Git branch: `branch-globs`

- Where are branches currently pulled?
  - There is `getBranchNames` in `src/repos.ts`.
  - If the branch is an object, like `{ glob: string, max: number}`, then
    we should query for get all branches from the main repository and see
    if any match.
  - There could be a branch that matches multiple globs
  - Put branches in a hash, with keys being the glob that matched them.
  - Remove the oldest branches (by last commit?) to limit to the `max` number
  - Then merge the branches into a set so there are no duplicates -- we don't
    actually care which glob matched the branch, we just want to be able to
    enforce the `max` value for a glob.

Use node's `path.matchesGlob()` method: https://nodejs.org/docs/latest/api/path.html#pathmatchesglobpath-pattern.

```js
path.matchesGlob('/foo/bar', '/foo/*'); // true
```


## Jan 17, 2026

- Update getBranchNames so that it 1) pulls all branches from the repo, and 2)
  figures out which ones match the given branch globs.
- where does that get called?
  - it gets called when `repos()` is called
  - and `repos()` get called when main.ts runs, so after the beforehook is called.
  - we'll need to decide which branches get pulled in the before hook, so that the clone
    only pulls the branches we want
  - for a first-attempt solution, make a function that figures out which branches
    are available and call it multiple times: once when pulling the branches, and then also
    in subsequent calls when we're seeing which branches are available in the repo.
    - So, stop calling `repoConfig.branchesToPull` directly
  - currently failing locally because I don't have the updated beforeHook on this
    laptop. Push current work, update local repo to use the beforeHook from the
    clone-early branch, and see if that works. (update: Yes, that was the problem.)
    - this is a good reason to put the deployed repo config on the public site, too.
      I currently have different example site configs between my laptop and the deployed
      site.

## Jan 18, 2026

*An idea:* allow the object with a glob in it to also specify things like the description
and which parent branch the branch should be compared to.

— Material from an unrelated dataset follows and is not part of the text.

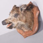 Taxidermy Mounted Boar’s Head on Oak Shield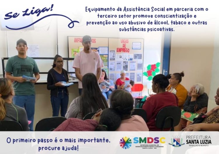 A Prefeitura de Santa Luzia, através da Secretaria de Desenvolvimento Social em parceria com o terceiro setor está promovendo conversas com usuários sobre a conscientização e prevenção ao uso abusivo de álcool, tabaco e outras substâncias psicoativas.

Multiple branch patterns (let's use the word "pattern" instead of "glob") can match
the same branch -- the more specific one should be used.

E.g.:

```
branchesToPull: [
  {
    pattern: "deploy/**",
    description: "A deployed branch",
  },
  {
    pattern: "deploy/v2**",
    description: "A version 2 deployed branch",
  }
]
```

In the above example, branch `deploy/v1.0.1` should have the description "A deployed
branch," but branch `deploy/v2.0.1` should have the description "A version 2
deployed branch."

Is the "more specific pattern" just always the one that is longer? Try this for now.